The satellite clocks are moving at 14,000 km/hr in orbits that circle the Earth twice per day, much faster than clocks on the surface of the Earth, and Einstein's theory of special relativity says that rapidly moving clocks tick more slowly, by about seven microseconds (millionths of a second) per day.

Also, the orbiting clocks are 20,000 km above the Earth, and experience gravity that is four times weaker than that on the ground. Einstein's general relativity theory says that gravity curves space and time, resulting in a tendency for the orbiting clocks to tick slightly faster, by about 45 microseconds per day. The net result is that time on a GPS satellite clock advances faster than a clock on the ground by about 38 microseconds per day. [4]

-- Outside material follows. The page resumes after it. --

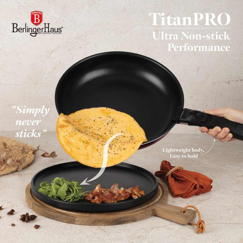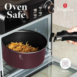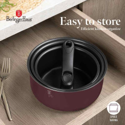 Sada riadu s odnímateľnou rukoväťou 12 ks Leonardo Collection – maximálna praktickosť v elegantnom dizajne Chcete ušetriť miesto v kuchyni , ale zároveň mať všestrannú sadu riadu? Leonardo Collection – Matt Bordeaux je dokonalou kombináciou funkčnosti a štýlu. Prečo si ju obľúbite? Praktická odnímateľná CLICK rukoväť – ľahké prepínanie medzi kusmi riadu počas varenia Mramorový 3vrstvový povrch – dokonalá nepriľnavosť, žiadne pripekanie Turbo indukčné dno – efektívne zahrievanie a úspora energie Všestranné využitie - vhodné na sporák, do rúry (do 220 ° C), na servírovanie aj skladovanie Úspora miesta – riad je možné ľahko stohovať a skladovať na minimálnom priestore Obsah sady: Panvica 24 cm (1,7 l) Panvica s pokrievkou 28 cm (2,4 l) Kastról s výlevkou 16 cm (1,3 l) Kastról s pokrievkou 18 cm (1,8 l) Kastról s pokrievkou 20 cm (2,4 l) Odnímateľná rukoväť 3 plastové veká Ďalšie vlastnosti: Farba: matná Bordó Materiál: kovaný hliník s nepriľnavým mramorovým povrchom Bezpečné zloženie - neobsahuje PFOA, olovo ani kadmium Jednoduché čistenie - možno umývať v umývačke (odporúča šetrný program) Vhodné pre všetky typy sporákov vrátane indukcie Ideálna sada pre každodenné varenie, dusenie, vyprážanie aj zapekanie – praktickosť a elegancia v jednom. Hľadáte vhodnú sadu riadu do vašej kuchyne ? Sadou získate všetky potrebné nádoby na varenie , či už budete variť pre seba alebo pre viac osôb Veľkou výhodou je, že môžete objednať naraz viac riadu od overeného výrobcu BERLINGERHAUS. Sada riadu s odnímateľnou rukoväťou 12 ks Burgundy Metallic Line dodá vášmu vareniu nový rozmer Budete môcť variť rôzne jedlá súčasne a tým ušetríte čas a efektívne budete využívať aj kuchynskú plochu. Budete mať na jednom mieste riad vhodný na varenie rôznych druhov pokrmov – dusenie mäsa, varenie polievok, ryže, cestovín alebo na prípravu omáčok.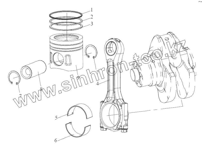 Каталог запасных частей к технике: FAW CA6DL2-37E5. Поршень и шатун

To determine its location, the GPS receiver uses the time at which each signal from a satellite was emitted, as determined by the on-board atomic clock and encoded into the signal, together the with speed of light, to calculate the distance between itself and the satellites it communicated with. The orbit of each satellite is known accurately. Given enough satellites, it is a simple problem in Euclidean geometry to compute the receiver's precise location, both in space and time. To achieve a navigation accuracy of 15 meters, time throughout the GPS system must be known to an accuracy of 50 nanoseconds, which simply corresponds to the time required for light to travel 15 meters.

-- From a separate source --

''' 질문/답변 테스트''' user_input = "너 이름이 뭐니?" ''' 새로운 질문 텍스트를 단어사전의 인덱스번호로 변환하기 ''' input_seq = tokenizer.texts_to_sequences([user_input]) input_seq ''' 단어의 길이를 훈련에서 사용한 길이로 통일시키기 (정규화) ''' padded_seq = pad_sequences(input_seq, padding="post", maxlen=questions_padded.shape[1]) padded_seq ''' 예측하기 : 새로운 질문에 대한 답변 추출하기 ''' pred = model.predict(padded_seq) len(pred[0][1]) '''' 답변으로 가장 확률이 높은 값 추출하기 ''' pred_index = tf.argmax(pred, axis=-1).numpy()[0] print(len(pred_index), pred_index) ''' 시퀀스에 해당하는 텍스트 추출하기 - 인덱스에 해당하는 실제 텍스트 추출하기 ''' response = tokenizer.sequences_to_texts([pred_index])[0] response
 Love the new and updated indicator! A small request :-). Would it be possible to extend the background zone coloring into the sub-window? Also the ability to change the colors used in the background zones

GPS accounts for relativity by electronically adjusting the rates of the satellite clocks, and by building mathematical corrections into the computer chips which solve for the user's location. Without the proper application of relativity, GPS would fail in its navigational functions within about 2 minutes.

Interesting Facts About Special Relativity

• Philosopher David Hume's 1738 "A Treatise of Human Nature" was a big influence on Einstein's thinking about space and time. Hume was an empiricist and skeptic, believing that scientific concepts must be based on experience and evidence, not reason alone. He also held that time did not exist separately from the movement of objects. "It is very well possible that without these philosophical studies I would not have arrived at the solution," Einstein wrote.[5]

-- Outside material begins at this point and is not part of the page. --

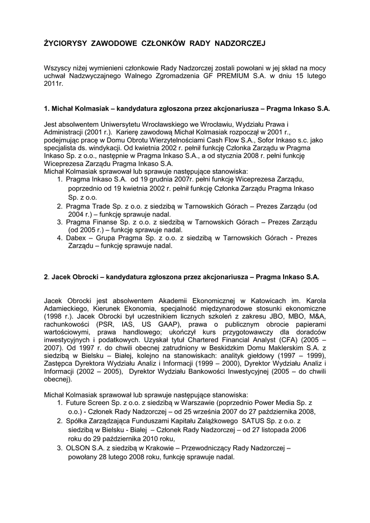 ŻYCIORYSY ZAWODOWE CZŁONKÓW RADY NADZORCZEJ Wszyscy niżej wymienieni członkowie Rady Nadzorczej zostali powołani w jej skład na mocy uchwał Nadzwyczajnego Walnego Zgromadzenia GF PREMIUM S.A. w dniu 15 lutego 2011r. 1. Michał Kolmasiak – kandydatura zgłoszona przez akcjonariusza – Pragma Inkaso S.A. Jest absolwentem Uniwersytetu Wrocławskiego we Wrocławiu, Wydziału Prawa i Administracji (2001 r.). Karierę zawodową Michał Kolmasiak rozpoczął w 2001 r., podejmując pracę w Domu Obrotu Wierzytelnościami Cash Flow S.A., Sofor Inkaso s.c. jako specjalista ds. windykacji. Od kwietnia 2002 r. pełnił funkcję Członka Zarządu w Pragma Inkaso Sp. z o.o., następnie w Pragma Inkaso S.A., a od stycznia 2008 r. pełni funkcję Wiceprezesa Zarządu Pragma Inkaso S.A. Michał Kolmasiak sprawował lub sprawuje następujące stanowiska: 1. Pragma Inkaso S.A. od 19 grudnia 2007r. pełni funkcję Wiceprezesa Zarządu, poprzednio od 19 kwietnia 2002 r. pełnił funkcję Członka Zarządu Pragma Inkaso Sp. z o.o. 2. Pragma Trade Sp. z o.o. z siedzibą w Tarnowskich Górach – Prezes Zarządu (od 2004 r.) – funkcję sprawuje nadal. 3. Pragma Finanse Sp. z o.o. z siedzibą w Tarnowskich Górach – Prezes Zarządu (od 2005 r.) – funkcję sprawuje nadal. 4. Dabex – Grupa Pragma Sp. z o.o. z siedzibą w Tarnowskich Górach - Prezes Zarządu – funkcję sprawuje nadal. 2. Jacek Obrocki – kandydatura zgłoszona przez akcjonariusza – Pragma Inkaso S.A. Jacek Obrocki jest absolwentem Akademii Ekonomicznej w Katowicach im. Karola Adamieckiego, Kierunek Ekonomia, specjalność międzynarodowe stosunki ekonomiczne (1998 r.). Jacek Obrocki był uczestnikiem licznych szkoleń z zakresu JBO, MBO, M&A, rachunkowości (PSR, IAS, US GAAP), prawa o publicznym obrocie papierami wartościowymi, prawa handlowego; ukończył kurs przygotowawczy dla doradców inwestycyjnych i podatkowych. Uzyskał tytuł Chartered Financial Analyst (CFA) (2005 – 2007). Od 1997 r. do chwili obecnej zatrudniony w Beskidzkim Domu Maklerskim S.A. z siedzibą w Bielsku – Białej, kolejno na stanowiskach: analityk giełdowy (1997 – 1999), Zastępca Dyrektora Wydziału Analiz i Informacji (1999 – 2000), Dyrektor Wydziału Analiz i Informacji (2002 – 2005), Dyrektor Wydziału Bankowości Inwestycyjnej (2005 – do chwili obecnej). Michał Kolmasiak sprawował lub sprawuje następujące stanowiska: 1. Future Screen Sp. z o.o. z siedzibą w Warszawie (poprzednio Power Media Sp. z o.o.) - Członek Rady Nadzorczej – od 25 września 2007 do 27 października 2008, 2. Spółka Zarządzająca Funduszami Kapitału Zalążkowego SATUS Sp. z o.o. z siedzibą w Bielsku - Białej – Członek Rady Nadzorczej – od 27 listopada 2006 roku do 29 października 2010 roku, 3. OLSON S.A. z siedzibą w Krakowie – Przewodniczący Rady Nadzorczej – powołany 28 lutego 2008 roku, funkcję sprawuje nadal. 4. MergersNet Sp. z o.o. – Członek Rady Nadzorczej – od 28 stycznia 2010 roku do 30 września 2010 roku 5. MergersNet Sp. z o.o. – Członek Zarządu – powołany 30 września 2010 roku, funkcję sprawuje nadal 6. MergersNet Sp. z o.o. – wspólnik od 5 marca 2009 7. Pragma Inakso S.A. – Członek Rady Nadzorczej – powołany 9 stycznia 2008 roku, funkcję sprawuje nadal 3. Rafał Witek – kandydatura zgłoszona przez akcjonariusza – Pragma Inkaso S.A. Rafał Witek ukończył liceum ogólnokształcące w Tarnowskich Górach. Sprawował lub sprawuje następujące stanowiska: 1. Inpol Papier Sp. z o.o. z siedzibą w Tarnowskich Górach – Wiceprezes Zarządu – do 3 czerwca 2004 r., 2. Inpol Papier Sp. z o.o. z siedzibą w Tarnowskich Górach - Prezes Zarządu – funkcję sprawuje nadal, 3. Profi Link Sp. z o.o. z siedzibą w Tarnowskich Górach – Prokurent - funkcję sprawuje nadal, 4. Pragma Finanse Sp. z o.o. z siedzibą w Tarnowskich Górach – Prokurent funkcję sprawuje nadal, 5. Pragam Inkaso S.A. z siedzibą w Tarnowskich Górach – Przewodniczący Rady Nadzorczej. 4. Dariusz Piasecki – kandydatura zgłoszona przez akcjonariusza mniejszościowego. Dariusz Piasecki posiada wykształcenie średnie, studiował na Wydziale Prawa i Administracji Uniwersytetu Śląskiego. W roku 1995 r. organizował na Śląsku Oddział spółki Inkasso Reform, a następnie był zatrudniony jako Dyrektor tegoż Oddziału. Od roku 1996 wspólnie z Michałem Nawrotem prowadził działalność gospodarczą pod nazwą Grupa Finansowa Premium. W roku 2001 nastąpiło przekształcenie działalności prowadzonej w ramach spółki cywilnej w spółkę jawną: Grupa Finansowa „Premium” M. Nawrot, D. Piasecki Spółka Jawna. Od grudnia 2000 r. do 15 listopada 2007r. sprawował funkcję Wiceprezesa Zarządu w spółce Grupa Finansowa Premium Sp. z o.o., przekształconej w spółkę Grupa Finansowa Premium S.A, w której od 16 listopada 2007r. sprawował funkcję Prezesa Zarządu, a od 1 kwietnia 2009r. do 1 lutego 2011r. Wiceprezesa Zarządu. Ponadto począwszy od września 2004 r. jest Wiceprezesem Zarządu w spółce Premium Development Sp. z o.o. z siedzibą w Gliwicach. Dariusz Piasecki prowadzi też od marca 2006 r. działalność gospodarczą pod firmą Przedsiębiorstwo Usługowo Handlowe Piasecki Dariusz. Przedmiotem tej działalności jest najem nieruchomości. Dariusz Piasecki sprawował funkcję Prezesa Zarządu GF PREMIUM S.A. od 16 listopada 2006 r. do 30 marca 2009r., a od dnia 1 kwietnia 2009r. do 1 lutego 2011r. sprawował funkcję Wiceprezesa tej spółki. 5. Ireneusz Rymaszewski – kandydatura zgłoszona przez akcjonariusza mniejszościowego. Ireneusz Rymaszewski posiada wykształcenie wyższe, medyczne. Jest prywatnym inwestorem, akcjonariuszem spółek publicznych i niepublicznych. Aktualnie jest członkiem Rady Nadzorczej spółki publicznej Eurotax S.A. Był członkiem Rady Nadzorczej spółki publicznej Suntech S.A. Posiada ponad 5% akcji spółki publicznej Grupa Finansowa Premium S.A. ponadto jest z

• In 1905, Albert Einstein based a new theory on two principles. First, the laws of physics appear the same to all observers. Second, he calculated that the speed of light-186,000 miles per second (299,338 kilometers per second)- is unchanging. Prior to Einstein, scientists believed that space was filled with luminiferous aether that would cause the speed of light to change depending on the relative motion of the source and the observer.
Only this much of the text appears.